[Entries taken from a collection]
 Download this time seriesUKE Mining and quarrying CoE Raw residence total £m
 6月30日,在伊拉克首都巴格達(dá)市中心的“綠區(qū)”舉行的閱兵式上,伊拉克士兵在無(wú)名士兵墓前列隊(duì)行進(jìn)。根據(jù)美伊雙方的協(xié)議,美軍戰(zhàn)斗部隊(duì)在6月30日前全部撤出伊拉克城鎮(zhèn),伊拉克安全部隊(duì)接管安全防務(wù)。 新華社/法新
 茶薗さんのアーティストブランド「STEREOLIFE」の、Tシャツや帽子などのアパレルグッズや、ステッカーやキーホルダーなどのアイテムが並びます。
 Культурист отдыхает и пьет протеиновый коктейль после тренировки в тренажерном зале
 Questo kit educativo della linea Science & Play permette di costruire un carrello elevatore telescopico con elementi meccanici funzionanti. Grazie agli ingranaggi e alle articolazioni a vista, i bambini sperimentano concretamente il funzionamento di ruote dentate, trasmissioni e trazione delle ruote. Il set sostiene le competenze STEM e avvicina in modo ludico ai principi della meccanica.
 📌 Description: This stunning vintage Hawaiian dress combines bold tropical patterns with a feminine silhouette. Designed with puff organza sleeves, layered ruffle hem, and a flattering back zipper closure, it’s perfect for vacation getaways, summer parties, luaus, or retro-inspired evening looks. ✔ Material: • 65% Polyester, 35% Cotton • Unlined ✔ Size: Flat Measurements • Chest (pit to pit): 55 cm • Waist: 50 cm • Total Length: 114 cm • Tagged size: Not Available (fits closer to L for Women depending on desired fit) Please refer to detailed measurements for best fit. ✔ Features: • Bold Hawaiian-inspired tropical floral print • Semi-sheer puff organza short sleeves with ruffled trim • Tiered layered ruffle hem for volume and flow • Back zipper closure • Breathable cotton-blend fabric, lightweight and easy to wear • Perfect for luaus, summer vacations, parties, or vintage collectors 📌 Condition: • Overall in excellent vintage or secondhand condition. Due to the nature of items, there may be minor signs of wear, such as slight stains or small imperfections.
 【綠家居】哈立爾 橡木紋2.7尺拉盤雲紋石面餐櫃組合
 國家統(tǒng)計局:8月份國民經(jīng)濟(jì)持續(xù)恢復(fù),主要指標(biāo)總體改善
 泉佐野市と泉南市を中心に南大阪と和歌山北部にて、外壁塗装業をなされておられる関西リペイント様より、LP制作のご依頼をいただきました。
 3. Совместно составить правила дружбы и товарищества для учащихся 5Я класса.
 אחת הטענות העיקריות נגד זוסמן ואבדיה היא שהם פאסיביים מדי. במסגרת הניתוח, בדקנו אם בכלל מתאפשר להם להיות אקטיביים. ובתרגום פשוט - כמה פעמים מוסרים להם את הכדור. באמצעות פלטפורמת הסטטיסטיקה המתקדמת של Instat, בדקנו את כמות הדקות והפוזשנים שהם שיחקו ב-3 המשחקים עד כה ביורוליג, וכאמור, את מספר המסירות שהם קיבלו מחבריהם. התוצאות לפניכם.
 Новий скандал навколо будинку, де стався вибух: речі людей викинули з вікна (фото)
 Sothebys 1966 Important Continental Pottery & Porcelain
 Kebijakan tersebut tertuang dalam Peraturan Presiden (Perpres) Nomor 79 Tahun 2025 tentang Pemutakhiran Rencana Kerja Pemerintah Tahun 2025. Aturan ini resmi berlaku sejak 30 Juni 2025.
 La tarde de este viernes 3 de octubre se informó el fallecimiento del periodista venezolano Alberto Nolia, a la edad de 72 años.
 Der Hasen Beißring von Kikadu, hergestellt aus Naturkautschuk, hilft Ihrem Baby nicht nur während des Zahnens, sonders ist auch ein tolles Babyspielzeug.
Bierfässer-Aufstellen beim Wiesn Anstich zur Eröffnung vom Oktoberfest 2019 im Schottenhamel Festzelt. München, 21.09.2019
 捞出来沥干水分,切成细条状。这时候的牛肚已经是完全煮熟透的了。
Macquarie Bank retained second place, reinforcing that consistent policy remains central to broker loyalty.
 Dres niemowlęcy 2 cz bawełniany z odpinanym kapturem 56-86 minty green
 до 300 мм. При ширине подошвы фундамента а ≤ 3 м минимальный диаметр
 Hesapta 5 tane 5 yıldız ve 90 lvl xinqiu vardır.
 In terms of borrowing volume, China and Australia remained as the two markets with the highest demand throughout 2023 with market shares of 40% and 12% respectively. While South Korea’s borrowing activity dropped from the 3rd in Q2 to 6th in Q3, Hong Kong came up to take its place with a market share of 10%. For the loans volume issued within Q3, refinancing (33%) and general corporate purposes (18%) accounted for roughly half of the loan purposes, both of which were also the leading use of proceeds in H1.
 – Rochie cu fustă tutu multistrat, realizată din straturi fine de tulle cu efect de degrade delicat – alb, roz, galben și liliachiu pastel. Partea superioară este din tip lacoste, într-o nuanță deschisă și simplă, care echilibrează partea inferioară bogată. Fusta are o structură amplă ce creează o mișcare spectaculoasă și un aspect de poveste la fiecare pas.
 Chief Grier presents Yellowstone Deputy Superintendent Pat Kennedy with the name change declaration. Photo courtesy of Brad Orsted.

About this exercise:
Every line of the entries above that includes "place" should be copied.

The completed task:
Macquarie Bank retained second place, reinforcing that consistent policy remains central to broker loyalty.
 In terms of borrowing volume, China and Australia remained as the two markets with the highest demand throughout 2023 with market shares of 40% and 12% respectively. While South Korea’s borrowing activity dropped from the 3rd in Q2 to 6th in Q3, Hong Kong came up to take its place with a market share of 10%. For the loans volume issued within Q3, refinancing (33%) and general corporate purposes (18%) accounted for roughly half of the loan purposes, both of which were also the leading use of proceeds in H1.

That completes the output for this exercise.